The Bhutan National Bank wants to contribute or give back to the community. They are calling on  Bhutanese individuals and organisations for proposals to fund activities in waste and environment management and controlling drugs and substance abuse.

The  bank recently revamped its systems to provide advanced banking solutions, launched a new logo and started other initiatives to improve services. BNB as one of the earliest banks or the first commercial bank is rich. There is a rush for their shares, which we can surmise is the most traded if not sought after.

What is appreciated is the bank’s corporate social responsibility (CSR). The bank also recently announced scholarships for students. It is quite rare for rich businesses in the country to pump back money for general good. Quite often, the profits are ploughed back to expand businesses after paying the shareholders and employees.

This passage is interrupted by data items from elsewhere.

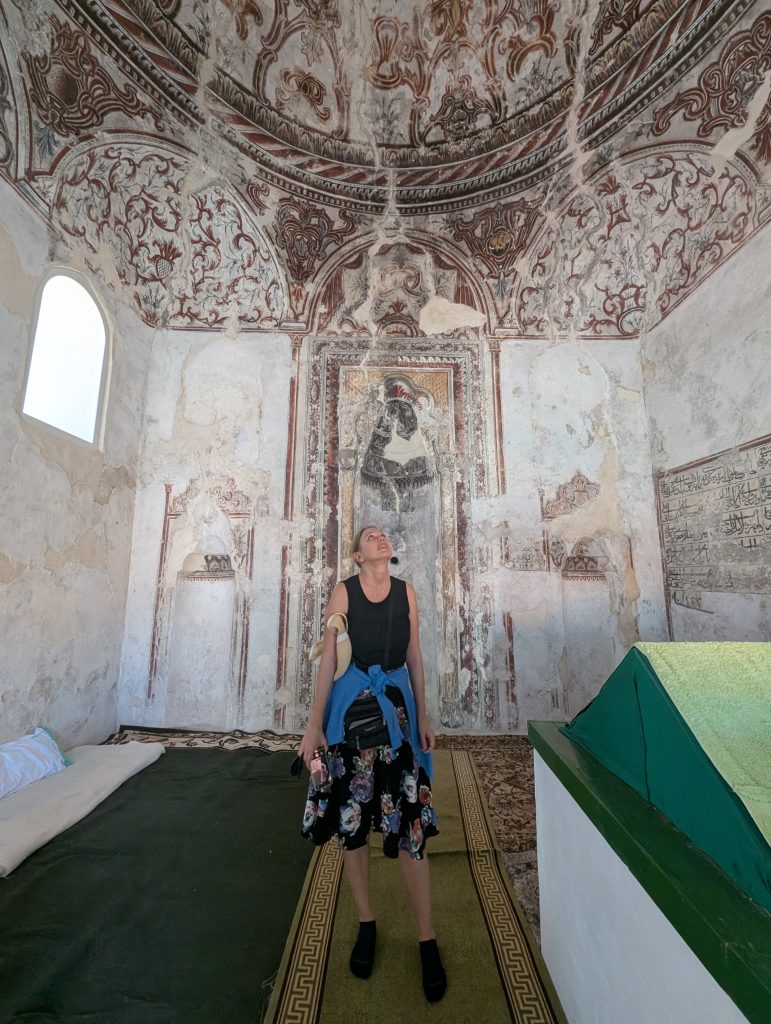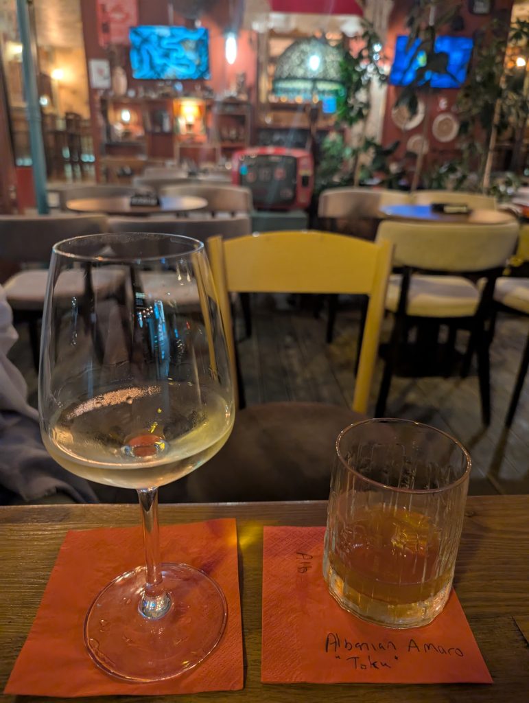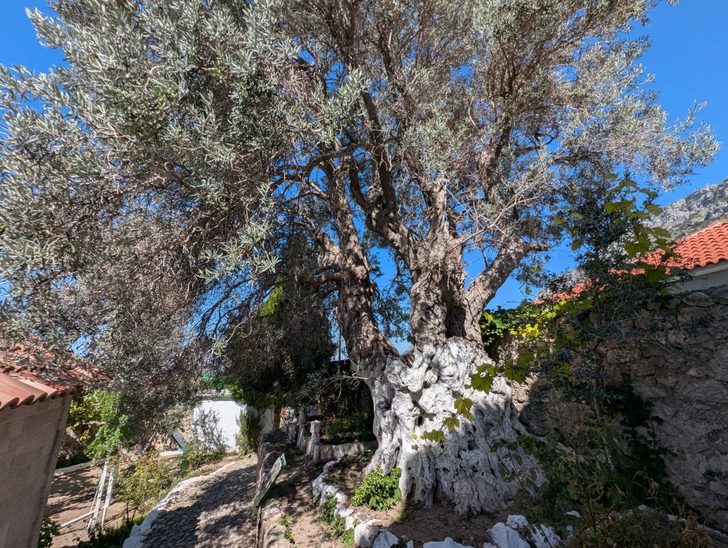 After the museum we explored the area near the fortress more, including a 500-year-old olive tree supposedly linked to Skandeberg and a little mosque. On our way back through town, we walked through the Old Bazaar area, which was cute but very touristy. It was after noon but we weren’t hungry for lunch due to the veggie sandwiches. So we decided to just take the bus back to Tirana. We elected to wait for the direct bus at 1 p.m. Cash only for all the busses but they were very inexpensive (I think 120 lek per person each way) and the driver gave change as needed.
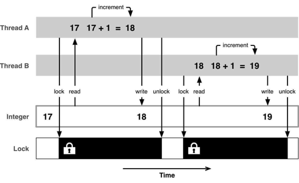 在线程A访问资源时,对资源进行加锁,访问结束后,对资源进行解锁。在加锁期间,其他线程无法访问资源。线程A解锁后,线程B访问资源,执行上述加锁解锁操作。
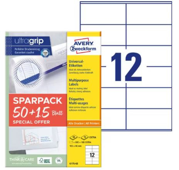 Avery Zweckform Universal-Etiketten 6175-65, 105 x 48 mm, 65 Blatt
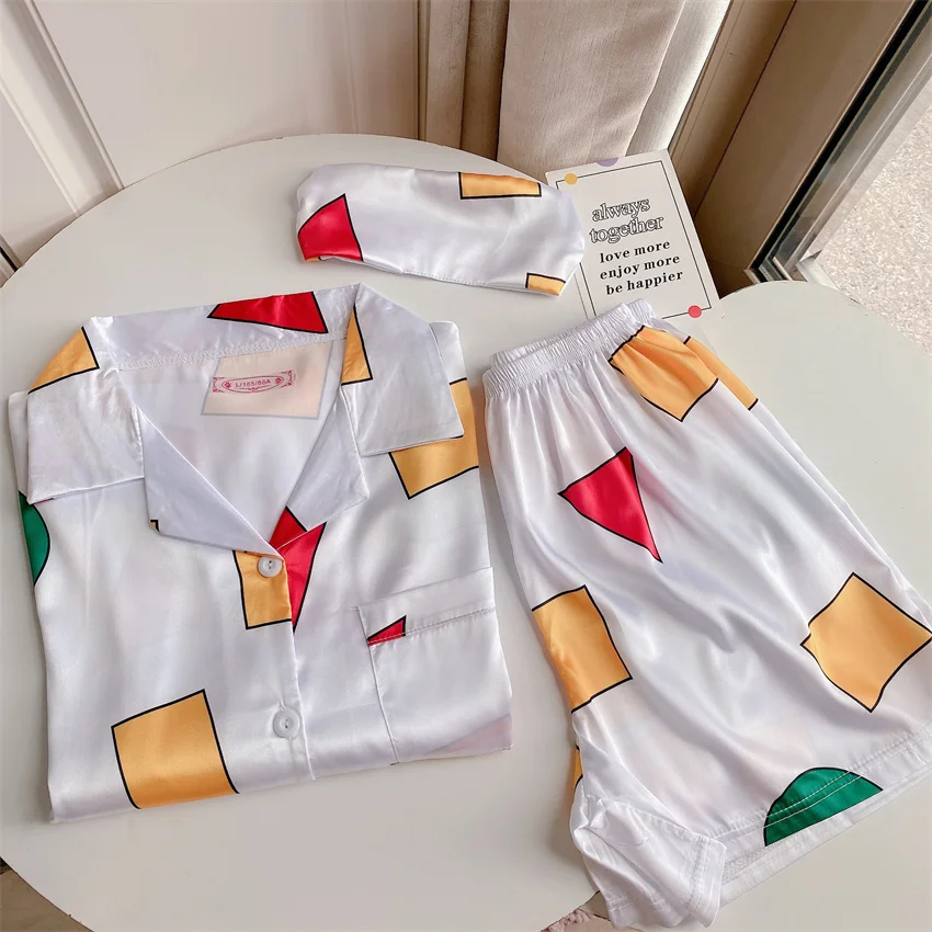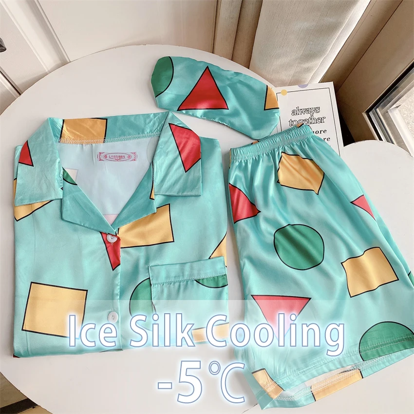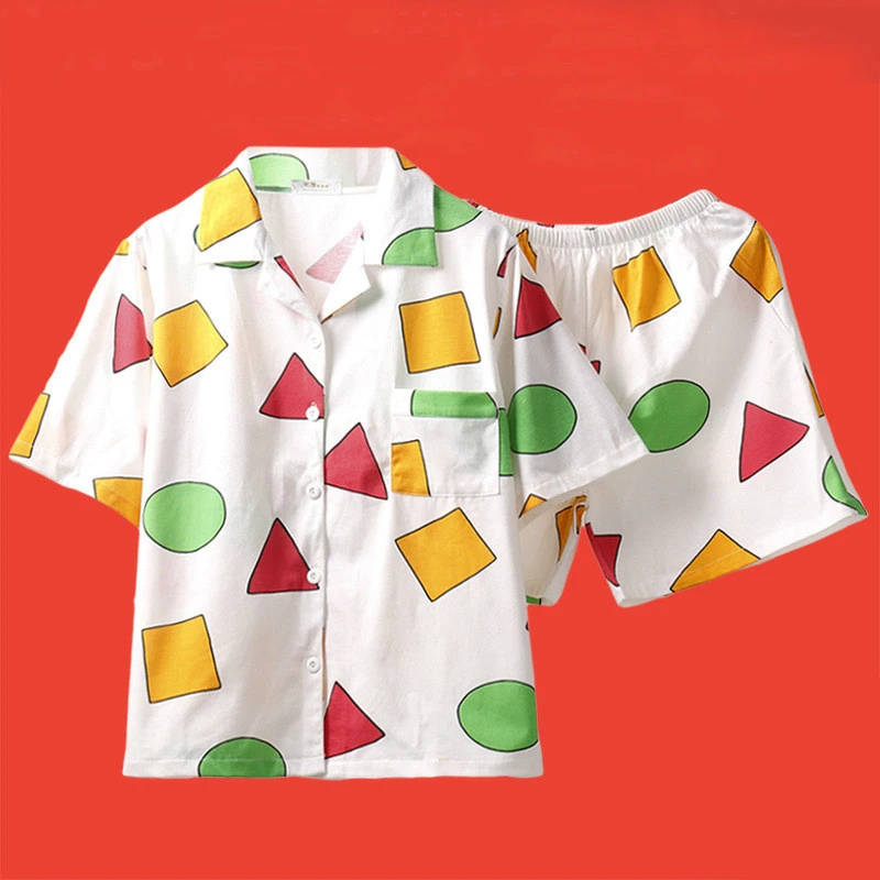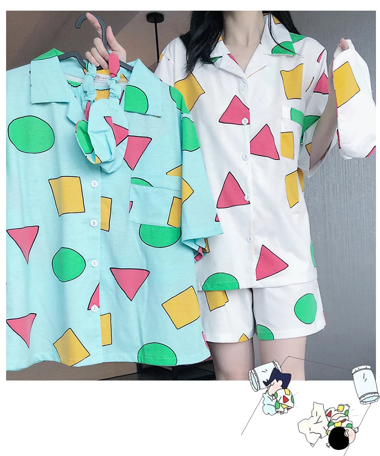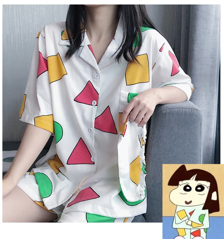 Женский пижамный комплект с коротким рукавом, хлопковое ночное белье из 2 предметов, ночная сорочка с принтом «Shinchan», летняя Домашняя одежда, пижамы для отдыха
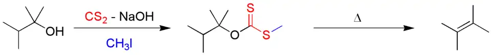 À une température d'environ 200 °C, l'alcène est ensuite formé par élimination interne : au sein d'un état de transition hexacyclique, l'atome d'oxygène du xanthate arrache l'hydrogène du carbone β dans un processus d'élimination syn. Le produit secondaire ainsi obtenu se décompose en oxysulfure de carbone (OCS) et en méthanethiol.
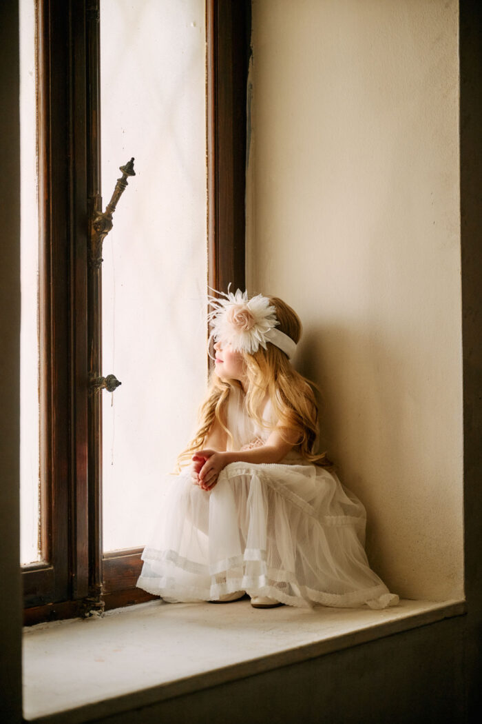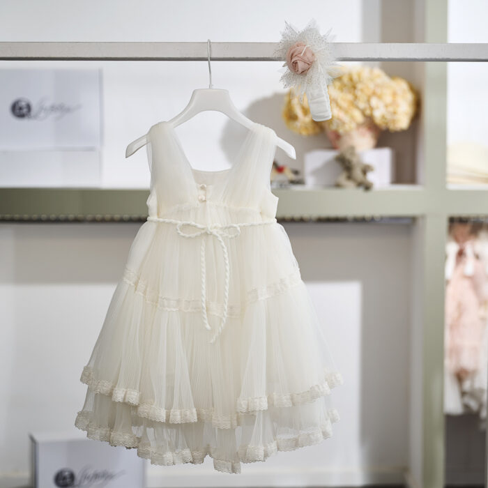 Η διακριτική κομψότητα και η ρομαντική αισθητική χαρακτηρίζουν αυτό το ιδιαίτερα καλαίσθητο βαπτιστικό φόρεμα σε ιβουάρ απόχρωση.
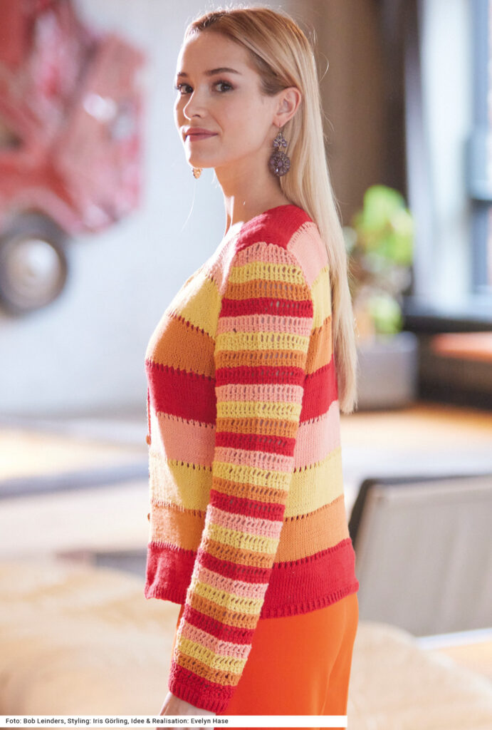 Dieses Set aus reiner Bio-Baumwolle ist perfekt für den Alltag – die bunte Jacke mit Ajourmuster-Ärmeln sorgt für eine fröhliche Note. Das klassisch geschnittene Top in Rot hingegen bringt wieder etwas Ruhe in den Look und macht ihn so bürotauglich. Das Garn ist übrigens bei 60 Grad waschbar. Die Streifen der Jacke von Rot, Orange, Gelb und Lachs werden glatt rechts gestrickt, der Farbübergang wird als Lochstreifen gearbeitet. Der tiefe V-Ausschnitt und die Armausschnittränder des Tops bekommen zum Schluss einen Rollrand. Eine Anleitung für das Set gibt es für die Größen 36/38, 40/42 und 44/46.

After decades of development, policies and wise leadership to help businesses and companies grow, some of them have progressed so much that they could help the government through their corporate social responsibilities. It is not mandatory unlike those of the poorer state owned enterprises. But if there is the financial might, there are the needs.

Not to say that all our rich businesses are stingy, but there are pressing issues that contributions could help.  Issues like waste management, development or upkeep of public infrastructure – parks and playgrounds, roads or sidewalks would benefit the public, the thromdes and even the government when budget is the main excuse for not developing these facilities.

There had been instances of companies taking up projects through the CSR. Not long ago, The Tashi Group redeveloped a good portion of the Phuentsholing town when they took up beautification and landscaping of the town. Other big businesses like Zimdra and Zhiwaling had been supporting activities including promotion of sports in the country.

Bhutanese businesses, however, could do more. There are many with ideas but without resources or access to it. Bhutanese do not hesitate to give, but like a head of a civil society organization said, it is difficult to raise funds in Bhutan, no matter how brilliant or noble the cause is, unless it is related to religious activities.

There is no denying about it. Religious groups or activities often receive more than they require. There are instances of organisers stopping people from contributing. Bhutanese also donate without hesitation to help the sick needing huge amounts for referral outside the country.

The BNB choosing waste management and drug abuse is exemplary. The two themes  are  big problems in the country needing our own interventions. The hope, among those aware of the announcements, is that this will be an example for others to follow.  There must have been others who are contributing or have contributed from sponsoring singing shows to football or archery competitions and environment. But Bhutanese can do more.

We need not wait for a pandemic or a special occasion to contribute. There are a lot of areas and many important issues that can be made possible through CSRs or social mandates.